Пока Майло изучал карточку социального страхования, я принес ему кружку.
– Только закончили обсуждение. Пирс присутствовать не смог, Макларен с Хуксом уехали по вызову, так что нас было всего трое: Альварадо, Петра и я.
Она повернула на пальце кольцо с камеей.
– Спасибо, что держите меня в курсе. Я еще раз связалась с родителями Понсико в Нью-Джерси, но, как и тогда, помощи от них не дождалась. А сказать им, что это, возможно, не самоубийство, я не могла, поскольку считала себя не вправе вмешиваться в ход вашего расследования. Покопалась также в прошлом Зины Ламберт и не нашла там ни пятнышка. Из лаборатории она ушла по собственному желанию, никто ее не увольнял, в личном деле ничего настораживающего. Книжный магазин зарегистрирован на нее, так что выходит, работает она как бы сама на себя.

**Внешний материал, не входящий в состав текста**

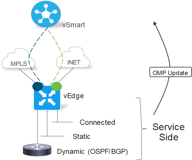 OMP Route Redistribution: OMP tự động thực hiện Redistribute một số loại Route mà nó học được từ bên trong Site nội bộ hoặc từ các Routing Peering.

Петра перевела взгляд на Майло.
– Единственной изюминкой нашей беседы явилось то, – сказал он, – что Альварадо раскопал в документации департамента лесопаркового хозяйства некоего Уилсона Тенни, работавшего в парке, откуда был похищен Рэймонд Ортис, и уволенного несколькими неделями позже по причине нарушений дисциплины – отказывался выполнять приказы, приходил на работу когда вздумается, любил валяться на скамейках с книгой или журналом, вместо того чтобы подметать дорожки. Администрация его предупреждала, но в конце концов он получил пинок под зад. Тенни попытался оспорить увольнение, начал угрожать судом и бросаться обвинениями в дискриминации наоборот – он, видите ли, белый, но потом махнул на все рукой.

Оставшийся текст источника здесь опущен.